__Task__: For the data below, retype word for word the lines from the one containing "Uno de los momentos" through the one containing "지난 18일 열린 제228회"; drop the pictures.

__Available data__:
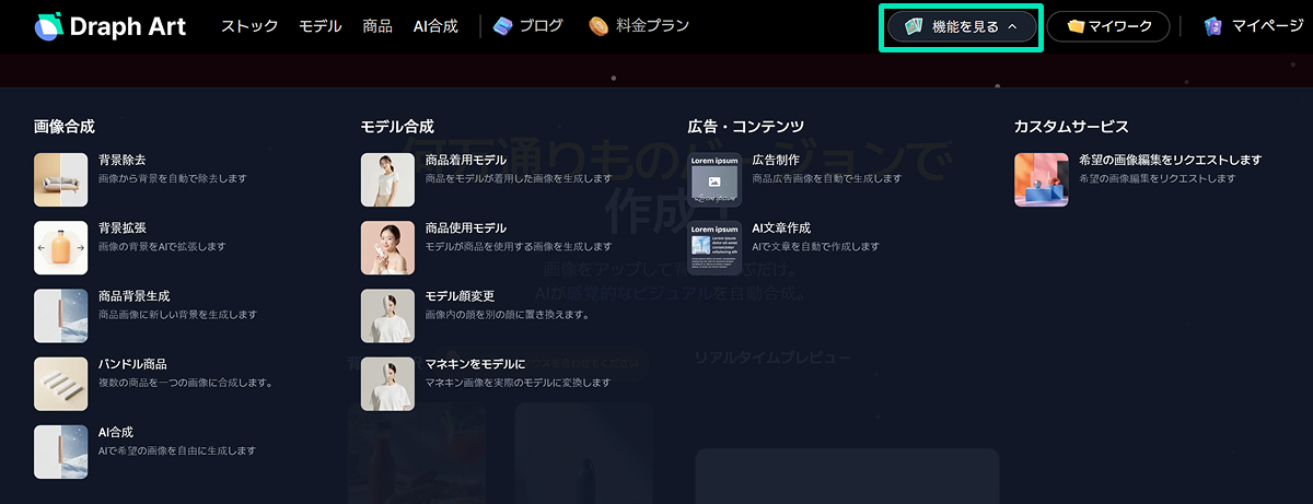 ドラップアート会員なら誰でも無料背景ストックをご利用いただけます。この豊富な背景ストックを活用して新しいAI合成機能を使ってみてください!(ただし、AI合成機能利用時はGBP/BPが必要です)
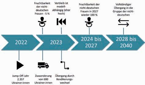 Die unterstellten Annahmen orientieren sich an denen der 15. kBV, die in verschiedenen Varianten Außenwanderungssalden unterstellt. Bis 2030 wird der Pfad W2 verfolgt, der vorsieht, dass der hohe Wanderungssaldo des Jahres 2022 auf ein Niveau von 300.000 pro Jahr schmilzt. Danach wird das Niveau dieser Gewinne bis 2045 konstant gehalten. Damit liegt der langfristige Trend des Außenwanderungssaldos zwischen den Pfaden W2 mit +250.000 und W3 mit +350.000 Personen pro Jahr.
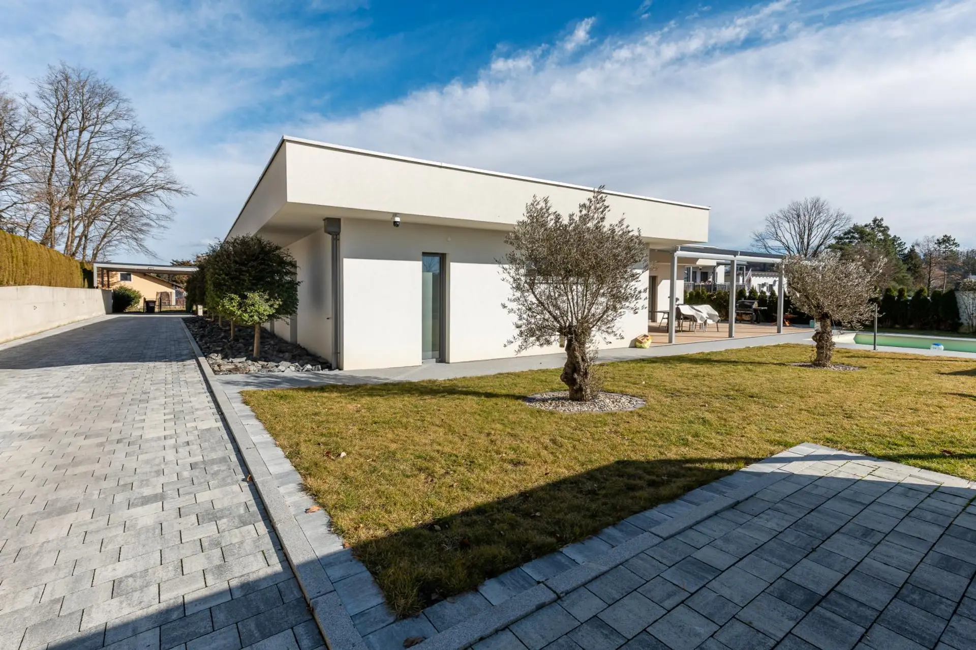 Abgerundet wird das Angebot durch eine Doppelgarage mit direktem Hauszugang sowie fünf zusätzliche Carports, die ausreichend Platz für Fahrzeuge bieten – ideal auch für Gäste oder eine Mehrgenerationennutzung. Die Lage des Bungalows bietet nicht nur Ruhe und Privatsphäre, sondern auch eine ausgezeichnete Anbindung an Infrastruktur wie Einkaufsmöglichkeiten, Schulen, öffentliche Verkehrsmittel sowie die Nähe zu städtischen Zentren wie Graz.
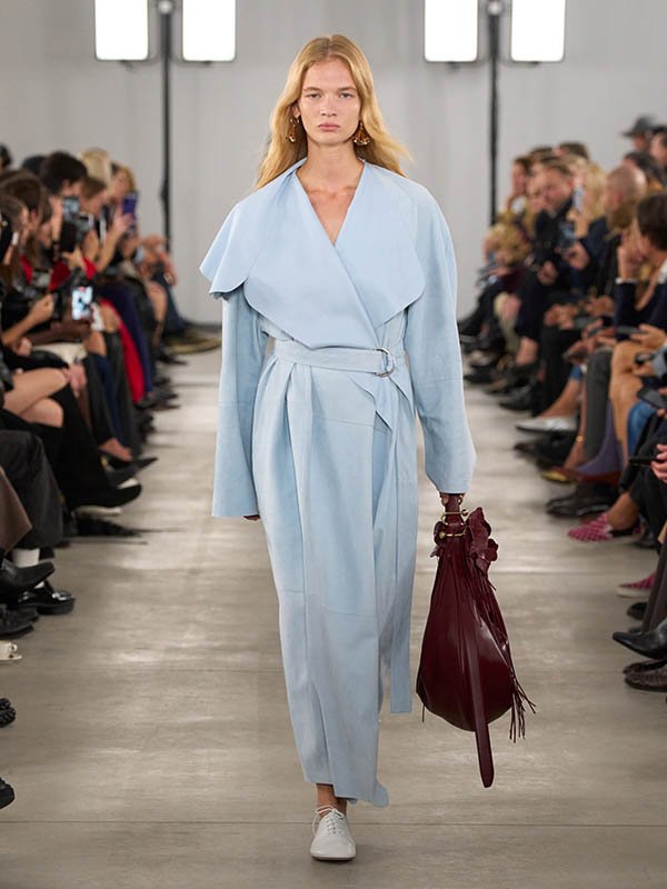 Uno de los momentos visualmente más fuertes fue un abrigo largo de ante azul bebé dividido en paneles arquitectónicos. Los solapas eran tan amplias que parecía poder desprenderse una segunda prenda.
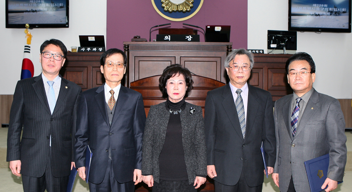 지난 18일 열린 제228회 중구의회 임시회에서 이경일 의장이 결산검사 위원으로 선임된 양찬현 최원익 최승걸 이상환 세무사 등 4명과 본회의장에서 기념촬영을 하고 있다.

...

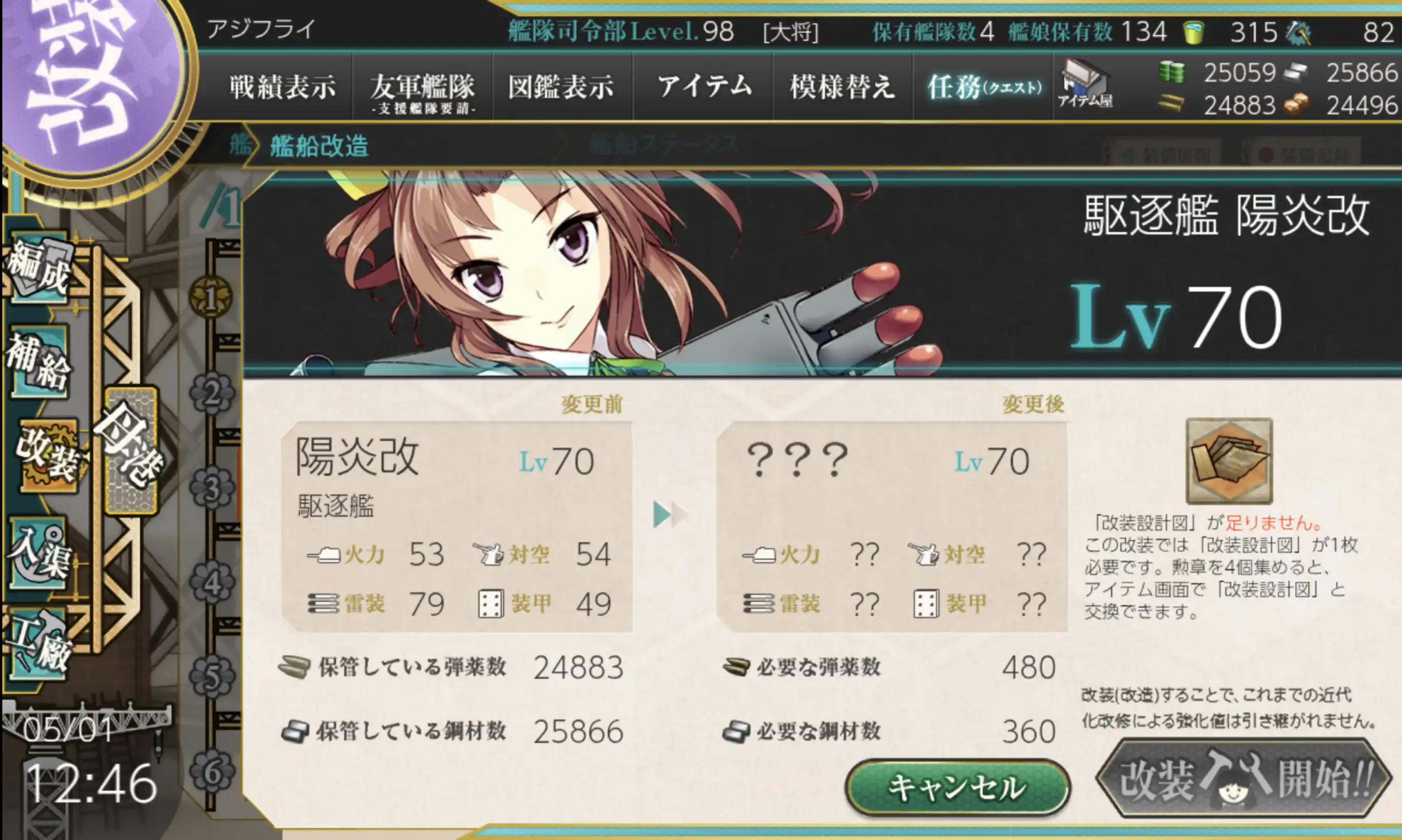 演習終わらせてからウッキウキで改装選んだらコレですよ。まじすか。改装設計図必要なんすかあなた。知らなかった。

==

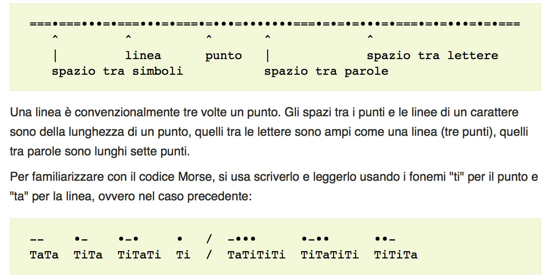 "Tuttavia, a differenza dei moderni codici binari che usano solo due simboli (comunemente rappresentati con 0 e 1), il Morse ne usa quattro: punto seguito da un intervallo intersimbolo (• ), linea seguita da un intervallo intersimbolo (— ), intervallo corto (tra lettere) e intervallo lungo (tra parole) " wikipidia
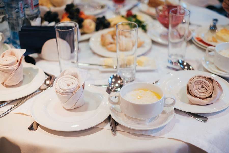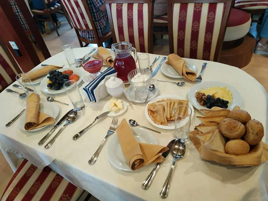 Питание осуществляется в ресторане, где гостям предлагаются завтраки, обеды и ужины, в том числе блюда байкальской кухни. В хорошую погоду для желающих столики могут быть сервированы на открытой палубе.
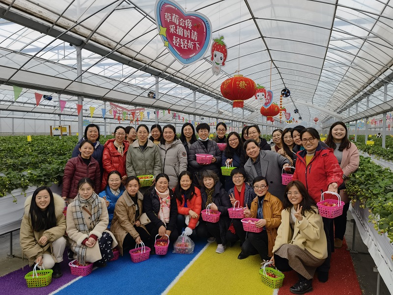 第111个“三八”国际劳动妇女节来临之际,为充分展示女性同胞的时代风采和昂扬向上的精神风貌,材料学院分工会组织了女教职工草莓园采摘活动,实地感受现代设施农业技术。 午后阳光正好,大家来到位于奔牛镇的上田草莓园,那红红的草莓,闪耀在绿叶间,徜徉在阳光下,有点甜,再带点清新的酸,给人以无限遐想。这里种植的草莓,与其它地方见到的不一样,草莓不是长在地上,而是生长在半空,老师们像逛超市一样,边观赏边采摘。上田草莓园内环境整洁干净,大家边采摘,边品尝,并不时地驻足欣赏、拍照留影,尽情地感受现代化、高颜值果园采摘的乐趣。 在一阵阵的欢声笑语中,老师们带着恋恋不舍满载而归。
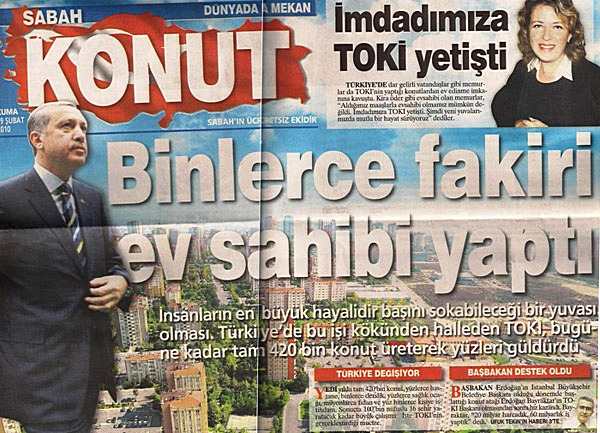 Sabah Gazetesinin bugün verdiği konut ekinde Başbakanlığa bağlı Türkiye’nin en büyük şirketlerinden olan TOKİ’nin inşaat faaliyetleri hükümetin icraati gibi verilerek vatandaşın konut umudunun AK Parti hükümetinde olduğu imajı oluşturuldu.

__Task response__:
 Uno de los momentos visualmente más fuertes fue un abrigo largo de ante azul bebé dividido en paneles arquitectónicos. Los solapas eran tan amplias que parecía poder desprenderse una segunda prenda.
 지난 18일 열린 제228회 중구의회 임시회에서 이경일 의장이 결산검사 위원으로 선임된 양찬현 최원익 최승걸 이상환 세무사 등 4명과 본회의장에서 기념촬영을 하고 있다.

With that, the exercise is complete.